Saturday, February 23, 2013

When Engineers Don't Listen

Engineering ethnography needs to become more of a focus - from the academic to the professional practice.  The quest to understand how technologies, culture, and organizations interact and affect each other will be a key to competitive advantage.  Engineering must have a great desire to interface with and understand the behavioral sciences.  This collaboration between the two fields will help engineers develop technology better, along with understanding how organizations could be designed to use technology better.  Engineers will be tasked with observing  people doing their everyday work to better understand their constraints and opportunities.  The key to engineering ethnographic thinking is the ability to share information with the behavioral sciences and provide meaningful insights.

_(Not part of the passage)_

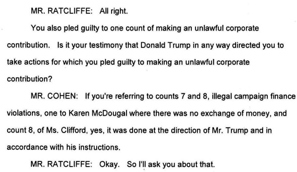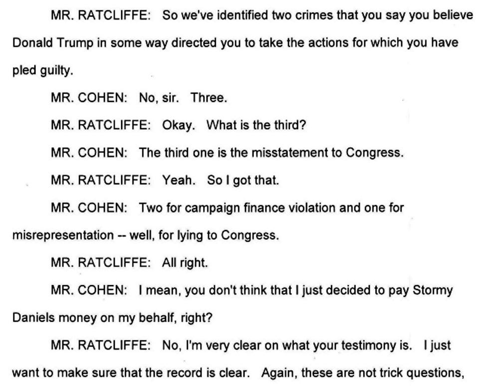 Then Ratcliffe asked Michael Cohen how Donald Trump could be at fault for a check Michael Cohen wrote to himself to pay him back for the Stormy Daniels payout. Yeah, sound it out ... and then you'll know how we feel reading a hundred pages of Congressman Dipshit trying to do GOTCHAS and getting his ass kicked by Cooley Law's most famous disbarred graduate.

The current issue of The Atlantic has  a good introduction to the subject (Anthropology Inc. by Graeme Wood).  Consider the following from the article:

"Tech firms, certainly, appear to be major consumers of ethnographic research.  "Technology companies as a whole are in danger of being more disconnected from their customers than other companies," says Ken Anderson, an ethnographer of Intel.  Tech designers succumb to the illusion that their users are all engineers.  "Our mind-set is that people are really just like us, and they're really not," Anderson says.  Ethnography helps tech the techie types to understand those consumers who "aren't living and breathing the technology" the way an Intel engineer might."